No doubt, the political A-listers gathering for the 18th annual summit have much to celebrate, starting with the spectacular views from the location near South Lake Tahoe. They also have their work cut out for them.

“We have our challenges, environmentally,” Amy Berry, CEO of the Tahoe Fund, said in an interview. “There’s a lot more to be done.”

Little time, for instance, remains for the current Congress to finish Lake Tahoe restoration bills introduced in both the House of Representatives and the Senate. The Lake Tahoe Restoration Act would authorize $415 million over 10 years for forest fuels management, watershed restoration, storm-water management and other projects. It would continue an earlier law passed in 2000 but that expired in 2010.

The House version introduced last October has not yet had a hearing.

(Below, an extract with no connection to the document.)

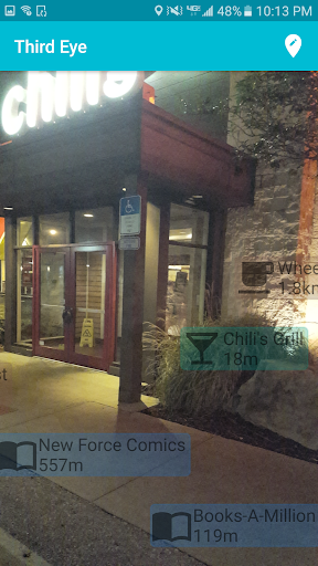 Third Eye is an augmented reality navigation and exploration overlay that binds data from nearby locations to corresponding objects in the real world. By fusing your accelerometers and magnetometers with Google's Places and Location APIs, you'll have access to detailed information about restaurants, cafes, transit stations, and many other locations near you. With Third Eye, you can navigate without staring down at a map and get ratings and reviews without the need to search!

Underscoring the political challenge, the House bill is not co-sponsored by Republican Rep. Tom McClintock, whose district spans California’s share of the 191-square-mile lake. In the Senate, where members of the minority party can easily erect roadblocks, four Republicans voted against the Senate’s version in committee in June.

Brian Baluta, spokesman for the House bill’s author, Rep. Mark Amodei, R-Nev., said, “We hope to get a hearing by the end of this Congress.”